25 Jul 2015

Kiwi WADA boss worried at scale of cheating

4:08 pm on 25 July 2015

The New Zealander whose job it is to catch the drug cheaters in sport says more than 10 percent of elite athletes could be cheating.

And David Howman - the Director General of the World Anti-Doping Agency - says the number of children doping to reach the elite is his "biggest concern".

Director-General of the World Anti-Doping Agency, David Howman.

Director-General of the World Anti-Doping Agency, David Howman. Photo: AFP

Howman says sport's increasing profitability has led to young athletes becoming more "vulnerable", especially as they are usually "under the radar" of doping agencies.

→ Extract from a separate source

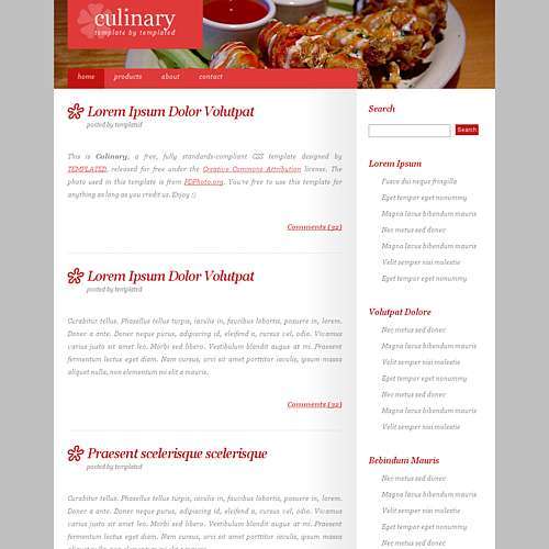 A red/white two column design with some subtle gradients and background patterns.

"The area of most concern for us is the level of young athletes who have not broken through into the elite who are trying to get that breakthrough and are susceptible to taking drugs because that's a shortcut," Howman said.

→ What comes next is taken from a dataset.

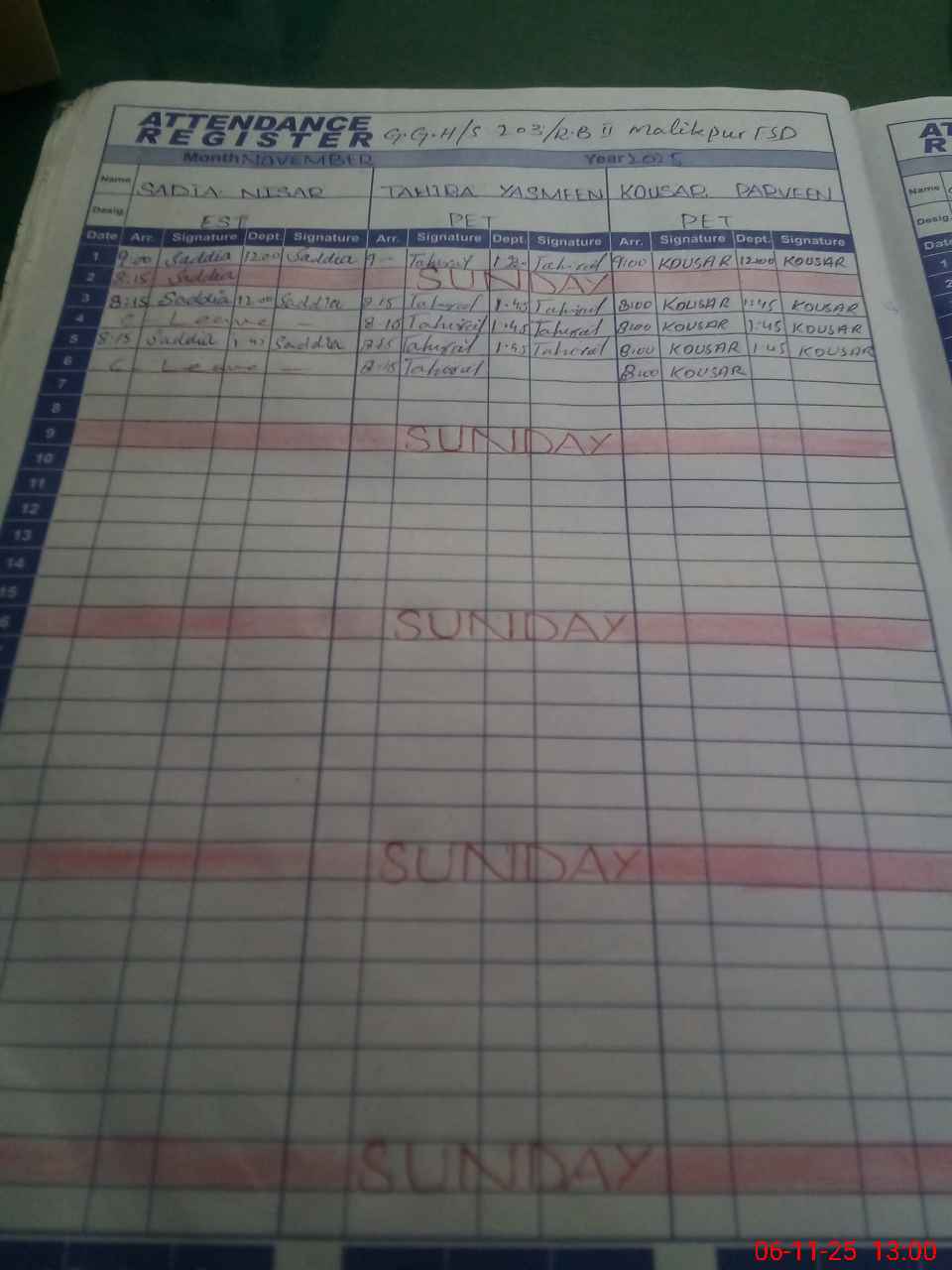 | CNIC | Full Name | Designation | R/C | Absence During Last Calender Month |

"Not only are they susceptible to taking drugs, they are being encouraged to do so by any one of a number of people that surround them - coaches, trainers, even parents - because it's a way to make a lot of money."

Howman, who will step down in 2016 after 12 years at WADA, says he's worried that it is hamstrung by a lack of resources.

Howman says that when he started at WADA 12 years ago, Wayne Rooney was being paid $4 million a year by Manchester United, while WADA was getting $20 million.

Now both the footballer and the anti-doping agency are each receiving about $30 million, and Howman says the slow lift in WADA funding shows sports are skimping on catching drug cheats.

Howman said research suggests that despite improvements in some sports, namely cycling, doping is still too prevalent.

"I have great respect for the way in which the UCI (world cycling's governing body) are now running their anti-doping programme," he said. "We have some guestimates based on some research undertaken over the last years.

"It's far more than we would wish it to be - over 10 percent. That is of concern because those being caught by the system is far lower than that.

"Not in all sports, in some sports."

Howman said several top athletes were being investigated.

"Not to the same level as the information we had on Lance Armstrong but certainly we have information that is being investigated about a number of athletes around the world," he said.

Howman says doping may be made a criminal offence within five years, but so far there is only limited testing in non-elite events.